> [Material for the task]
··········
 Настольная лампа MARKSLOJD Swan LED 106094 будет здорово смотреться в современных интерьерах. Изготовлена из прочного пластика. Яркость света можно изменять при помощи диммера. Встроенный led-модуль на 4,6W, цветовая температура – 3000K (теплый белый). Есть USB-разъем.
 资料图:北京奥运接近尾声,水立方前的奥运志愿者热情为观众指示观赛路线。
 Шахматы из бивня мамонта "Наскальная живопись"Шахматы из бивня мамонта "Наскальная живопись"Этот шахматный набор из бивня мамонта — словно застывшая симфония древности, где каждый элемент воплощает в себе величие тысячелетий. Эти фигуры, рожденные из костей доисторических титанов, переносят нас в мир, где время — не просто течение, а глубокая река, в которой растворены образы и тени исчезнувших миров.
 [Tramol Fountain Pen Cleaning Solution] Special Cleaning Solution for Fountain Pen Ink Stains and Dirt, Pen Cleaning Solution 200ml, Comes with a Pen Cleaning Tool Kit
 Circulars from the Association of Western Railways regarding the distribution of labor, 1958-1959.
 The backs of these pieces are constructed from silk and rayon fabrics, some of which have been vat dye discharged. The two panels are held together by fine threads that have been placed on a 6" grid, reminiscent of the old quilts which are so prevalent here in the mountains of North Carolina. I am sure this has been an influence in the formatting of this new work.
··········
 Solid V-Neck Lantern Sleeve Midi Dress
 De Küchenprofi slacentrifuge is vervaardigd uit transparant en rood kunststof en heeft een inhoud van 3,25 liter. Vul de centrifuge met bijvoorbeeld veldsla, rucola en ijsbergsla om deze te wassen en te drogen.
··········
> [About this task] All that is wanted is the stretch of lines above from the one containing "Solid V-Neck Lantern Sleeve Midi Dress" through the one containing "De Küchenprofi slacentrifuge", duplicated exactly.

> [Reply]
 Solid V-Neck Lantern Sleeve Midi Dress
 De Küchenprofi slacentrifuge is vervaardigd uit transparant en rood kunststof en heeft een inhoud van 3,25 liter. Vul de centrifuge met bijvoorbeeld veldsla, rucola en ijsbergsla om deze te wassen en te drogen.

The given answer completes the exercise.